MİLLETİN KAYA GİBİ İRADESİ
Artık ok yaydan tamamen çıkmıştı. 17/25 Aralık polis-yargı destekli darbe girişimi sonrasında, Millî Güvenlik Kurulu tarafından ‘Fetullahçı Terör Örgütü’ (FETÖ) olarak tanımlanan ihanet şebekesi, artık son hamlesini yapmak zorundaydı. 15 Temmuz 2016’da, TSK içine sızmış hainleri kullanarak. bir askerî darbe girişimine yeltendi. Sonucu hepimiz biliyoruz: Türk Milleti’nin kaya gibi sert iradesine toslayıp, kafaları gözleri dağıldı.

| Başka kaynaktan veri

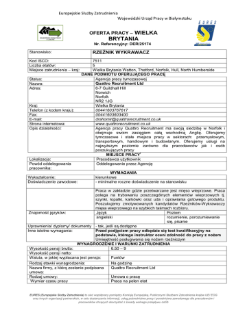 Europejskie Służby Zatrudnienia Wojewódzki Urząd Pracy w Białymstoku OFERTA PRACY – WIELKA BRYTANIA Nr. Referencyjny: DER/25174 Stanowisko: Kod ISCO: Liczba etatów: Miejsce zatrudnienia – kraj: Status: Nazwa: Adres: Kraj: Telefon (z kodem kraju): Fax: E-mail: Strona internetowa: Opis działalności: Lokalizacja: Powód oddelegowania pracownika: Wykształcenie: Doświadczenie zawodowe: RZEŹNIK WYKRAWACZ 7511 5 Wielka Brytania Watton, Thetford, Norfolk, Hull, North Humberside DANE PODMIOTU OFERUJĄCEGO PRACĘ Agencja pracy tymczasowej Quattro Recruitment Ltd 6-7 Guildhall Hill Norwich Norfolk NR2 1JG Wielka Brytania 00441603767617 00441603603400 [email protected] www.quattrorecruitment.co.uk Agencja pracy Quattro Recruitment ma swoją siedzibę w Norfolk i obejmuje swoim zasięgiem całą wschodnią Anglię. Oferujemy tymczasowe i stałe miejsca pracy w sektorach: przemysłowym, transportowym, handlowym i budowlanym. Oferujemy usługi na najwyższym poziomie zarówno dla pracodawców jak i osób poszukujących pracy i MIEJSCE PRACY Pracodawca użytkownik Oddelegowanie przez Agencję WYMAGANIA kierunkowe - minimalne roczne doświadczenie na stanowisku Praca w zakładzie gdzie przetwarzane jest mięso wieprzowe. Praca polega na trybowaniu poszczególnych elementów wieprzowych tj. szynki, łopatki, karkówki oraz uda i oprawiania gotowego produktu. Poszukujemy zmotywowanych kandydatów Rzeźników-Wykrawaczy mięsa wieprzowego na szybkich taśmach rozbioru. Znajomość języków: Język Poziom angielski rozumienie, porozumiewanie się, pisanie Uprawnienia/ dyplomy/ dokumenty - tak, jeśli są dostępne Przed podjęciem pracy odbędzie się test kwalifikacyjny na Inne istotne wymagania: podstawie, którego instruktor oceni zdolność do pracy z nożem Umiejętność posługiwania się nożem rzeźniczym WYNAGRODZENIE I WARUNKI ZATRUDNIENIA Wysokość pensji brutto: 6.50 – 9 Wysokość pensji netto: Waluta, w jakiej wypłacana jest pensja: Funtów Rodzaj stawki wynagrodzenia: Na godzinę Nazwa firmy, z którą zostanie podpisana Quattro Recruitment Ltd umowa: Rodzaj umowy: Umowa o pracę Wymiar czasu pracy Praca na pełen etat EURES (Europejskie Służby Zatrudnienia) to sieć współpracy pomiędzy Komisją Europejską, Publicznymi Służbami Zatrudnienia krajów UE/ EOG oraz innych organizacji partnerskich, w celu dostarczania informacji, usług pośrednictwa pracy i poradnictwa zawodowego dla pracodawców i pracowników chcących skorzystać z zasady wolnego przepływu osób • Inne: • • • • • • • • Jeżeli test przejdą Państwo pomyślnie, zaoferujemy stawki wynagrodzenia: £6.50, £7.25, £8.00, £8.50 do £9.00 na godzinę + możliwość nadgodzin dla zainteresowanych Czas pracy od 40 do 55 godzin tygodniowo Do 28 dni płatnego urlopu rocznie Biuro koordynatora bezpośrednio na miejscu pracy w fabryce Odzież ochronną w pracy Pomoc w otwarciu konta bankowego Pomoc w uzyskaniu obowiązkowego numeru ubezpieczenia zdrowotnego (National Insurance) Pomoc w wypełnieniu wszelkich niezbędnych dokumentów Pomoc w ubieganiu się o świadczenia rodzinne SPOSÓB SKŁADANIA WNIOSKU Wymagane dokumenty CV Język, w którym muszą być sporządzone przedkładane dokumenty: Do kogo należy wysłać dokumenty: (do pracodawcy/ doradcy EURES) angielski Dane teleadresowe doradcy EURES lub przedstawiciela pracodawcy: ( Bezpośrednio do pracodawcy na adres [email protected] oraz do informacji Wojewódzkiego Urzędu Pracy w Lublinie na adres [email protected] Marta Sadlowska Doradca EURES / Eures Adviser tel / fax: 0048 81 472 56 34 e-mail: [email protected] WAŻNOŚĆ Termin przedkładania podań o pracę / zakończenia ważności oferty: Do odwołania Agencja pracy tymczasowej, oświadczyła, że prowadzi działalność zgodnie z przepisami obowiązującymi w swoim kraju. Uprzejmie informujemy, że skontaktujemy się wyłącznie z wybranymi kandydatami. UWAGA: Umowa z zagranicznym pracodawcą zostanie zawarta zgodnie z prawem kraju zatrudnienia. Oznacza to, że wszystkie roszczenia odnośnie do warunków, które obejmuje umowa, można kierować wyłącznie do odpowiedniego sądu w kraju zatrudnienia. Publiczne służby zatrudnienia (EURES) nie mogą pośredniczyć ani reprezentować pracownika w sądzie kraju zatrudnienia w przypadku sporu z pracodawcą. Publiczne służby zatrudnienia (EURES) dokładają wszelkich starań, aby zapewnić rzetelność i wiarygodność ofert pracy zgłoszonych w lokalnym urzędzie pracy. Należy wyjaśnić, że oferta pracy została zgłoszona przez stronę trzecią i EURES nie odpowiada za ewentualne rozbieżności między warunkami pracy określonymi w ofercie pracy i warunkami oferowanymi przez potencjalnego pracodawcę. Publiczne służby zatrudnienia (EURES) informują, że będą zbierać, przetwarzać i przekazywać potencjalnym pracodawcom zgodnie z przepisami dotyczącymi ochrony danych osobowych wszystkie dane osobowe dostarczone przez osoby poszukujące pracy. i Miejsce, w którym będzie wykonywana praca. Należy wypełnić w przypadku gdy: 1) miejsce wykonywania pracy jest inne niż siedziba podmiotu oferującego pracę, 2) pracę oferuje agencja pośrednictwa pracy/ agencja pracy tymczasowej. EURES (Europejskie Służby Zatrudnienia) to sieć współpracy pomiędzy Komisją Europejską, Publicznymi Służbami Zatrudnienia krajów UE/ EOG oraz innych organizacji partnerskich, w celu dostarczania informacji, usług pośrednictwa pracy i poradnictwa zawodowego dla pracodawców i pracowników chcących skorzystać z zasady wolnego przepływu osób

Elbette bu büyük ihanet, FETÖ hainlerinin devletten temizlenmesi için büyük bir fırsat sundu Türk Milletine. Dahası, açığa düşen onbinlerce FETÖ’cü hain, kaçak yollardan ülkeyi terk etti. O dönemdeki bazı yazılarımda, “Bu hainler, vatanı kaybetmenin ve vatansız haymatlos haline gelmenin nasıl bir acı olduğunu, yakın bir gelecekte anlamaya başlayacaklar…” anlamında ifadeler kullanmıştım.
HAYMATLOSUN AKIBETİ
Evet… FETÖ ihanet şebekesinin en tepedeki kuklası, kuklacının memleketinde, bir vatansız haymatlos olarak hayata veda etti. Cenaze ayini, örgüt tarafından alabildiğince gizli kapaklı yapmaya çalışıldı. Sızan bilgiler ve hainlerin ‘fetvacısı’nın itiraf gibi beyanlarına göre; baş hain, İslamî usullere göre gömülmedi. Ne salavat, ne tekbir getirildi o ayin sırasında. Hatta iddialara bakılırsa, bir Hıristiyan gibi, İncil’den pasajlar okunarak, tabutuyla birlikte kuyulandı. Geriye, tabutuna örtülen yeşil örtü üzerindeki, İsrail bayrağının da simgesi olan ‘Siyon Yıldızı’ kaldı akıllarda.
Hangi din üzere yaşadığı ve hangi din üzere gömüldüğü… Ve dahi Hak Divanında hakkında verilecek hüküm, bizlere gaip fakat Yaratıcımıza ayandır.
Ya Rab!... Türkiye’ye, Türk Milletine ve Ümmet-i Muhammed’e nice ihanetler ettiğini gördüğümüz o zata, mutlak adaletinin gereğince muamele eyle. Bir dönem aldanmış olsak da neticede biz onu ‘iyi bilmedik’ ve ‘hakkımızı helal etmiyoruz’.
Son sözümüz: Hepimizi aldattı. En hassas duygularımızdan ve imanımızdan cımbızla yakaladı bizleri. Hainlere, bile isteye alet olmasak da, ihanete zamanında engel olamayışımızın sorumluluğu hepimize aittir. O sorumluluğun tamamını, Başkan Erdoğan veya diğer devlet yöneticilerine yüklemeye hakkımız yok. Kişisel olarak nedametimi çeşitli vesilelerle ve de aha burada dile getirdim.
Yüce Rabbimiz taksiratımızı affetsin.